De notre correspondante à New York
L' ECHEC de transplantation rénale après plusieurs années de fonction correcte est considéré comme dû à un « rejet chronique ». Sur ces greffons se développe une néphro-angiosclérose avec une prolifération de l'intima des vaisseaux rénaux et une fibrose intimale, ainsi qu'une fibrose interstitielle. Ce remodelage tissulaire est médié par des cellules mésenchymateuses (myofibroblastes, dans l'interstitium, et cellules musculaires lisses, dans la néo-intima vasculaire) dont on ignore l'origine. Naissent-elles dans le greffon lui-même, ou sont-elles issues de cellules précurseurs circulantes ? Autrement dit, viennent-elles du donneur ou du receveur ?
Grimm (université de San Diego, La Jolla) et coll. ont tenté de répondre à cette question. Ils ont examiné des biopsies de 14 greffes rénales en rejet chronique (toutes dans les six mois de la transplantation, à l'exception de deux cas).
Identifier le chromosome Y
A l'aide de méthodes immunohistochimiques, ils ont identifié les cellules mésenchymateuses, en marquant en rouge l'alpha-actine contenue spécifiquement dans ces cellules. Puis en utilisant l'hybridation in situ et une sonde ADN marquée en bleu, ils ont identifié le chromosome Y dans les cellules mésenchymateuses. Ils ont ensuite compté le nombre et le pourcentage de cellules mésenchymateuses contenant le chromosome Y (autrement dit le nombre de cellules rouges à noyau bleu).
Dans 6 des 14 greffes rénales, les receveurs étaient des hommes et le donneur une femme ; dans quatre autres cas, c'était l'inverse ; enfin, chez les quatre derniers, les receveurs et les donneurs étaient de même sexe, soit 2 témoins positifs (masculins) et 2 négatifs (féminins).
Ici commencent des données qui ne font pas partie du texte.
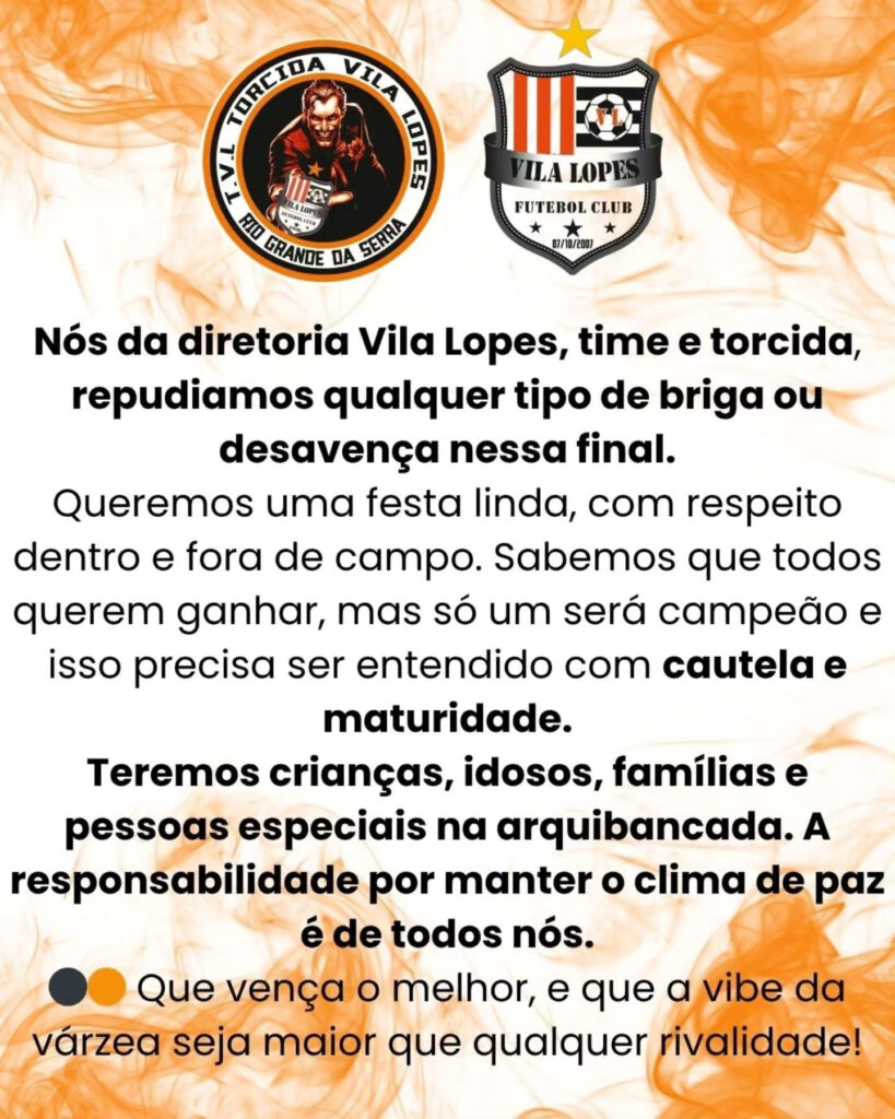 Preparem os corações, pintem os rostos de laranja e preto e separem as bandeiras! Neste domingo, às 10h, no Estádio Teixeirão, o Vila Lopes vai em busca de mais um capítulo glorioso da sua história na grande final do Campeonato Especial de Rio Grande da Serra 2025, contra a tradicional equipe do Vila Conde.
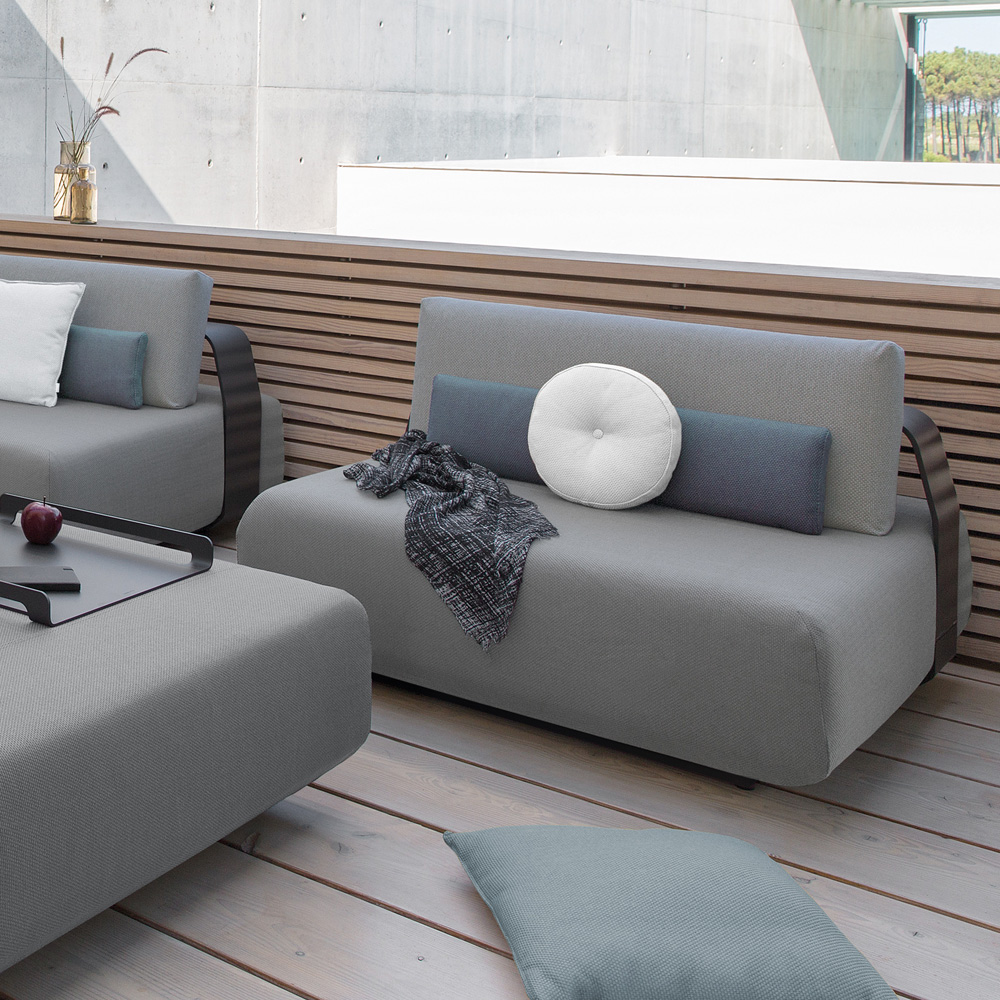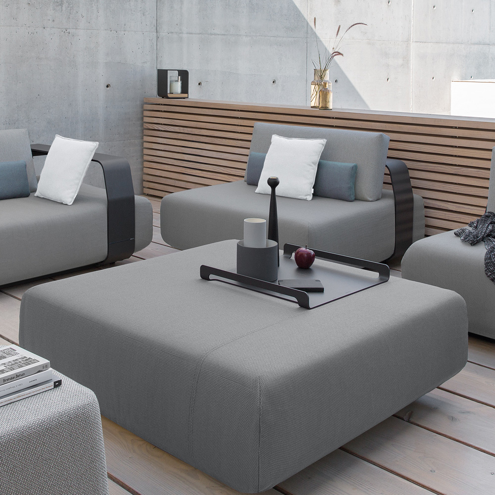 The armrests and back supports are easily adjustable and can be moved around. Mixing and matching orientation was never this easy! Superbly executed by master craftsmen this design is outstanding in its use of luxury materials and attention to detail. Technical complexity, each piece created by hand. Overall width 434 cm x depth 325 cm. Sofa: width 214 cm x depth 107 cm. 2 armchairs: width 107 cm x depth 107 cm. Coffee Table: width 107 cm x depth 107 cm. Shown here in an intriguing mix of an anthracite powder coated aluminium frame and upholstered in a contemporary dove grey inter-changeable upholstery, with Combination B13 cushions. Swimming pool and sea water resistant and repellent. Easy to clean and maintain. Recyclable, GreenGuard certified, REACH certified. The finest of All Weather Fabrics, that have been specifically developed for outdoor use. The fabric is mass-coloured, UV-resistant and does not fade under the influence of light or sunshine. Also available in a taupe and white powder coated frame finish. This design is also available in various combinations.

Leurs résultats sont les suivants. Dans le groupe des 2 témoins positifs, 40 % des cellules mésenchymateuses contiennent le chromosome Y, tandis que chez les 2 témoins négatifs, aucune n'en contient, bien évidemment. Dans le groupe des 6 hommes receveurs d'un greffon féminin, le pourcentage de cellules mésenchymateuses contenant l'Y est de 34 % dans la néo-intima (ou tunique interne), de 38 % dans l'adventice (ou tunique externe) et de 30 % dans l'interstitium (ou tissu de soutien). Cela indique que des cellules mésenchymateuses du receveur (Y) infiltrent ces compartiments du greffon rénal soumis à un rejet chronique.
Dans le groupe des 4 femmes receveuses d'un rein masculin, le pourcentage de cellules mésenchymateuses contenant l'Y est de 24 % dans la néo-intima, de 33 % dans l'adventice et de 23 % dans l'interstitium. Cela indique qu'il persiste aussi une large proportion de cellules mésenchymateuses du donneur dans le greffon rénal soumis au rejet chronique.
Migrer vers les zones inflammatoires du greffon
Ces résultats, concluent les chercheurs, suggèrent qu'une cellule précurseur mésenchymateuse circulante peut migrer vers les zones inflammatoires du greffon. Cette découverte pourrait être exploitée pour tenter de prévenir ou de traiter le rejet chronique. En effet, proposent les chercheurs, le blocage de la migration des cellules musculaires lisses pourrait peut-être offrir une approche pour prévenir ou améliorer le rejet chronique. A cet égard, ajoutent-ils, une possibilité intéressante pourrait être d'inhiber le signal local du hyaluronan aux cellules musculaires lisses. Ce signal contrôle en effet leur prolifération et leur mobilité. Ce signal pourrait être inhibé, par exemple, par les antagonistes du récepteur pour le hyaluronan.
« The New England Journal of Medicine », 12 juillet 2001, p. 93.